Halo Fanon
Advertisement
Terminal This fanfiction article, Deserter, was written by Ahalosniper. Please do not edit this fiction without the writer's permission.
Help This article, Deserter, is currently under active construction.
May 21st, 2558 (Military Calendar)/
Stavros, Frontier Space


It was sixty-five days since Amber had deserted the UNSC. Fifty-three since her brother had tried to take her back. And three since the drugs keeping her sane had run out.

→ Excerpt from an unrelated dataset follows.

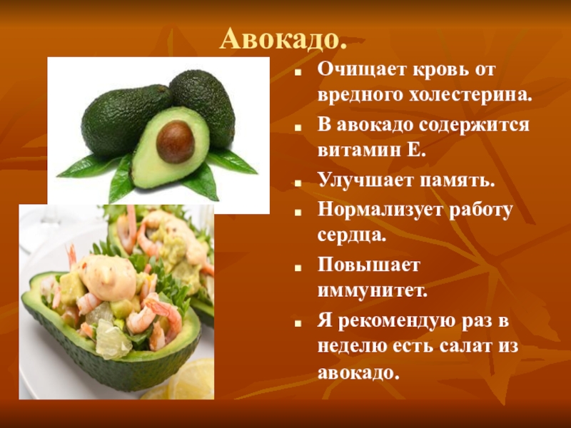Авокадо.Очищает кровь от вредного холестерина.В авокадо содержится витамин E.Улучшает память.Нормализует работу сердца. Повышает иммунитет.Я рекомендую раз в неделю

By the rise and fall of this planet’s local star, anyway. Stavros’ days were seventeen hours each, making it forty-six, thirty-seven, and two by the Earth military calendar respectively, by Amber's estimation. The SPARTAN-III Program had disciplined her in mathematics, among a hundred other subjects, until she could do such simple conversion rates in her head as easily as she worked out interstellar jump calculations. How useful it all was, now that she had nothing to work with but sand and sea and ever-slipping time.

Since washing ashore, half-conscious, she’d done nothing but walk the flat, endless beach, feeling sand shift underfoot day after day. Titanium boots no longer numbed her toes to the sensation, lost and buried with the rest of her traceable armor somewhere beneath the waves and silt. Only her slim, black bodysuit remained, molded to her like a glove, letting the blades of her feet sink in with every step.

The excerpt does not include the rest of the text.